Un indiano asomado al universo

Cuando Francisco de Miranda (Caracas, 1750-Cádiz, 1816) llega a Madrid, un día antes de su vigésimo primer cumpleaños, el 27 de marzo de 1771, todavía es un muchacho pero ya posee la conciencia de que el cambio que se avecina es de tipo físico y espiritual. En el puerto de Cádiz se ha comprado ropa nueva para llegar a la capital del reino con una buena imagen, con la imagen adecuada para moverse por la ilustrada ciudad, cuyo símbolo urbano más moderno entonces era la Puerta de Alcalá. “El Madrid de Carlos III es un útil y primer mirador para que un joven indiano se asome a ver el Universo”, apunta Mariano Picón Salas, quizá el mejor biógrafo del precursor. Madrid lo fascina, y allí comienza el verdadero aprendizaje que culminará haciéndolo participar en las tres revoluciones más importantes de su tiempo –la independencia de Estados Unidos, la Revolución Francesa y el inicio de las independencias hispanoamericanas–, que lo convertirán en ese personaje universal cuyo nombre figura en el arco de triunfo de París, y es el único latinoamericano que detenta ese honor.
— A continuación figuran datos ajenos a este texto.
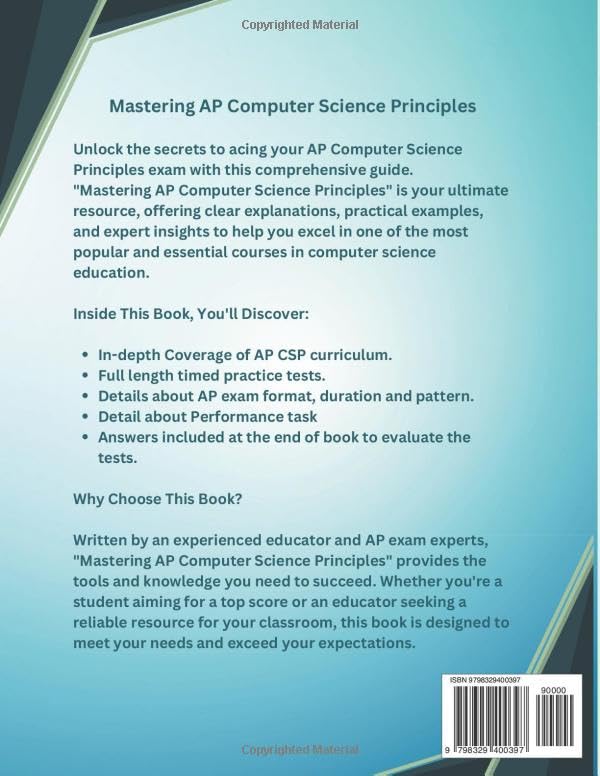 Mastering AP Computer Science Principles: Edition 2025 Achieve excellence in your AP Computer Science Principles test with “Mastering AP Computer Science Principles.” It include everything you need to achieve a perfect 5 on AP Computer Science Principles Exam. This comprehensive guide is crafted to help students understand the fundamental concepts of computer science principles in less time, ensuring thorough preparation for the AP CSP exam. Inside this book, you will find: In-depth Coverage of Key Concepts: Dive into the essential topics, Big Ideas, and Performance Tasks of the AP Computer Science Principles curriculum, including algorithms, data structures, programming, the internet, and the societal impacts of computing. Each chapter is designed to build your knowledge step by step, making complex ideas accessible and engaging. Practice Tests: Benefit from three full-length, timed practice tests that simulate the real exam experience. Answers are provided at the end to facilitate self-assessment and track your progress. Detailed guidance on the Performance Task is also included. Exam Strategies and Tips: Gain valuable insights into the AP exam format, question types, and scoring guidelines, helping you approach the test with confidence. Vocabulary Review Sections: Consolidate your learning with comprehensive vocabulary review sections, ensuring you grasp and remember key terms and concepts. Complete Prep Guide: “Mastering AP Computer Science Principles” serves as a perfect prep guide for the entire CSP course, as well as for quick revisions. Coverage of Crucial Topics: Understand the broader impact of computer science on society and how it drives innovation in various fields. Learn about ethical considerations, data privacy, and the transformative power of technology. “Mastering AP Computer Science Principles” is more than just a study guide; it is your companion in mastering the principles of computer science. Whether you’re new to the subject or seeking to deepen your understanding, this book provides the tools and knowledge you need to succeed in the AP course and beyond.

Uno de los primeros paseos de Miranda por Madrid revela a un tiempo la curiosidad del viajero y la modernidad de la ciudad: una mañana, recién llegado, se va a conocer el palacio Real. El paseo por el palacio fue lo más parecido a una moderna visita a un parque temático; allí Miranda tuvo oportunidad no sólo de ver monumentos, cuadros y libros, sino que se entretuvo examinando y utilizando los diferentes artilugios que los inventores ofrecían a los reyes por entonces. El palacio, que había sido recientemente construido (de hecho, cuando Miranda lo visita aún no se ha concluido), sustituyó al antiguo alcázar que sirvió de residencia a los Austrias hasta ser consumido por las llamas. Debió de ser una visita muy entretenida porque en su diario Miranda describe cada aparato que ve, cada artilugio que toca, cada invento que lo maravilla. Hasta una figura que simulaba tocar flauta llama su atención: es que él era flautista también.

Miranda vivió en Madrid varios años y allí comenzó su formación intelectual, allí entró en el mundo militar y allí comenzó su carrera desbocada de amantes, cientos de amantes que parecieron no saciarle nunca el ansia de conocer nuevas experiencias.

Un niño bien en la corte

También Simón Bolívar fue primero a Madrid antes de convertirse en esa figura titánica, parte humana, parte mito, parte embuste que preside el imaginario libertario y revolucionario de América Latina. Cuando llega a Madrid, en 1799, apenas es un muchacho que no ha cumplido los dieciséis años, tiene una pésima ortografía, es el heredero de una enorme fortuna y, en consecuencia, también es un excelente partido para cualquiera de las señoritas nobles que pululaban por la ciudad. En la capital recibió la protección de Gerónimo, segundo marqués de Uztáriz, que poseía una de las más apreciadas bibliotecas de la ciudad y era conocido como el caraqueño ilustrado: allí pudo leer el futuro libertador y modelarse intelectualmente bajo la poderosa influencia de la cultura clásica. Se dice, quizá no sin razón, que la influencia del marqués de Ustáriz en Bolívar es incluso superior a la que Simón Rodríguez, a quien tradicionalmente se le considera su maestro, ejerció sobre él en los años infantiles y caraqueños. Tal vez Rodríguez guió al adolescente, pero Uztáriz ayudó a que el hombre adulto se forjara. El marqués es un elemento central en el desarrollo de sus vivencias futuras, de su viaje a Bilbao, de su relación con María Teresa Rodríguez del Toro, su futura esposa, quien llegó a la vida de Simón a través de él. Tres años vivirá Bolívar en Madrid, en los cuales contraerá matrimonio. Muchos turistas creen que la iglesia donde se casó está al inicio de la Gran Vía madrileña; no es cierto, se casó en una pequeña capilla que entonces estaba en la calle Gravina, en el barrio que hoy se conoce como Chueca, aún epicentro de la movida LGTBI de la ciudad. Que Bolívar fue feliz en Madrid no puede dudarse; pero también que su consciencia intelectual, sus preocupaciones racionales comenzaron a forjarse y se solidificaron en esta ciudad. Aunque pocos meses después del matrimonio su esposa morirá en Venezuela, quizá picada por un mosquito, y la viudez lo deja en un estado tal que lo empuja a vivir una vida frívola y bohemia durante un tiempo, la semilla de lo aprendido en Madrid terminará germinando y dará paso al revolucionario que no descansó hasta que vio un continente liberado.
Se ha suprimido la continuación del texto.